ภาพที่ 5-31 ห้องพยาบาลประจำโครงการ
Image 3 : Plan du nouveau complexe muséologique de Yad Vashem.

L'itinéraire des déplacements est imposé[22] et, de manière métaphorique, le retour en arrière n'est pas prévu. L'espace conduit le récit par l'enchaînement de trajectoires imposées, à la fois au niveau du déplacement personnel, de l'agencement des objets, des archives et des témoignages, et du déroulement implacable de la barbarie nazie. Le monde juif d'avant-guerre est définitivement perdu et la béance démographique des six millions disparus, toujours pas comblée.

■ ■ ■ ■ ■

◆ AIM OF THE EXERCISE:
Transcribe only what runs from the line with "Image 3 : Plan" to the last line above, keeping every line exactly as written.

◆ PROBLEM SOLUTION:
Image 3 : Plan du nouveau complexe muséologique de Yad Vashem.

L'itinéraire des déplacements est imposé[22] et, de manière métaphorique, le retour en arrière n'est pas prévu. L'espace conduit le récit par l'enchaînement de trajectoires imposées, à la fois au niveau du déplacement personnel, de l'agencement des objets, des archives et des témoignages, et du déroulement implacable de la barbarie nazie. Le monde juif d'avant-guerre est définitivement perdu et la béance démographique des six millions disparus, toujours pas comblée.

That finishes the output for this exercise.